TO DO
All of the listing, from first line to last, should be output exactly; the pictures stay out.

COLLECTED MATERIAL
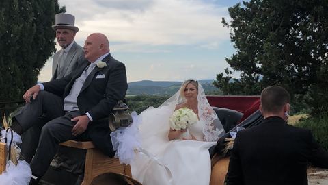 Quello di Simone e Gaia è stato un matrimonio molto romantico, la sposa è arrivata su una carrozza trainata da due bellissimi cavalli bianchi. Alle nozze erano presenti circa 200 invitati, ma quasi tutti hanno atteso l’uscita degli sposi fuori dalla chiesa perché non c’era spazio per tutti.
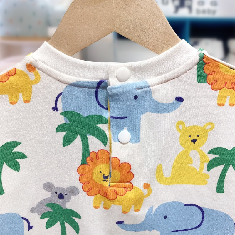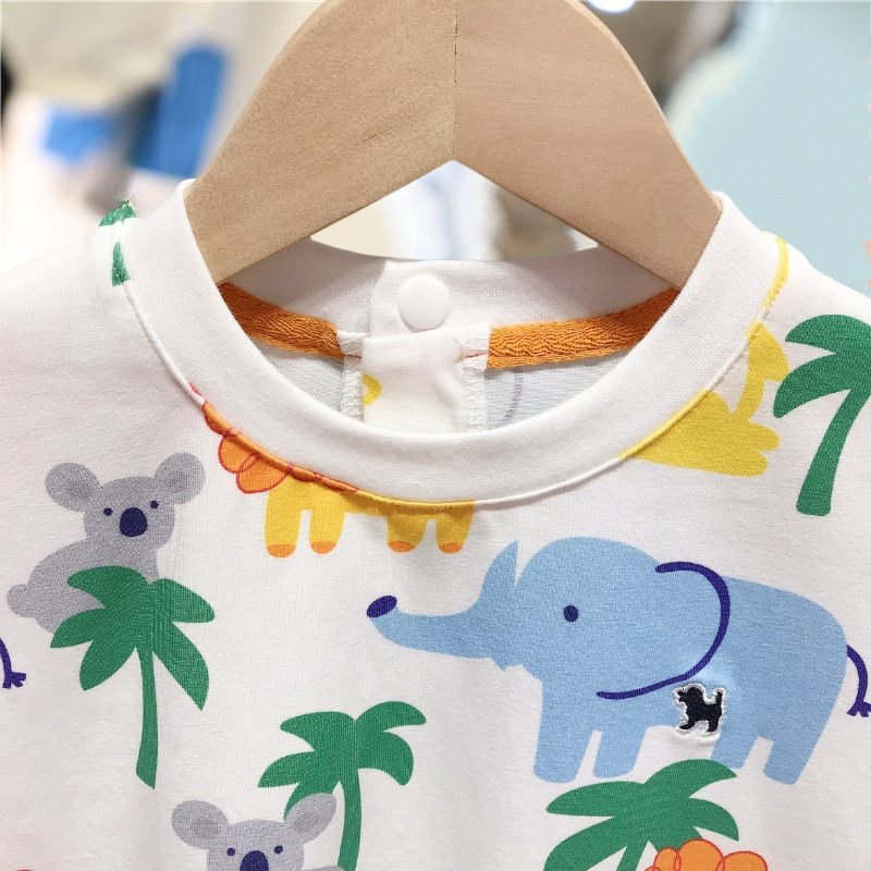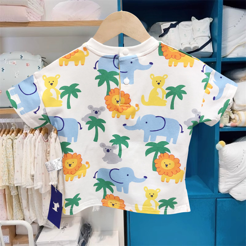 여름 새 소년 소녀 아기 만화 반팔 티셔츠 라운드 넥 탑 한국 아동복 MS550904 인쇄
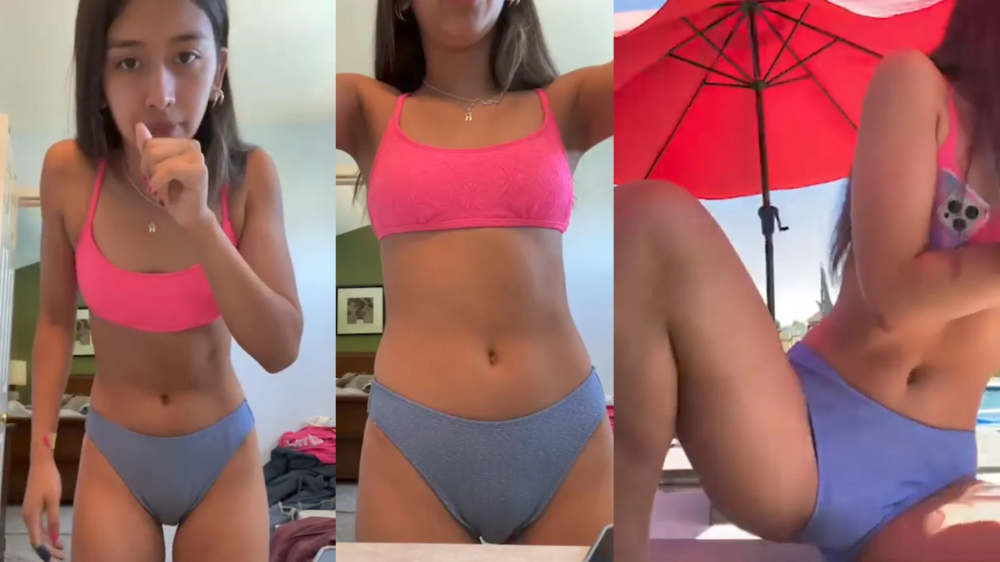 Mature brunette teenager in bikini with defined lips (cameltoe)
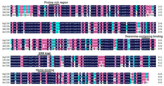 Alignment of the deduced RgC3H protein sequence with those of related C3Hs. Dark blue shading indicates amino acid identities, red and light blue shading indicates amino acids with differences in similarity. The locations of the putative conserved proline-rich region, heme-binding, threonine-containing binding pocket, and ERR triad motifs are shown above the sequences.

ANSWER TO THIS EXERCISE
 Quello di Simone e Gaia è stato un matrimonio molto romantico, la sposa è arrivata su una carrozza trainata da due bellissimi cavalli bianchi. Alle nozze erano presenti circa 200 invitati, ma quasi tutti hanno atteso l’uscita degli sposi fuori dalla chiesa perché non c’era spazio per tutti.
 여름 새 소년 소녀 아기 만화 반팔 티셔츠 라운드 넥 탑 한국 아동복 MS550904 인쇄
 Mature brunette teenager in bikini with defined lips (cameltoe)
 Alignment of the deduced RgC3H protein sequence with those of related C3Hs. Dark blue shading indicates amino acid identities, red and light blue shading indicates amino acids with differences in similarity. The locations of the putative conserved proline-rich region, heme-binding, threonine-containing binding pocket, and ERR triad motifs are shown above the sequences.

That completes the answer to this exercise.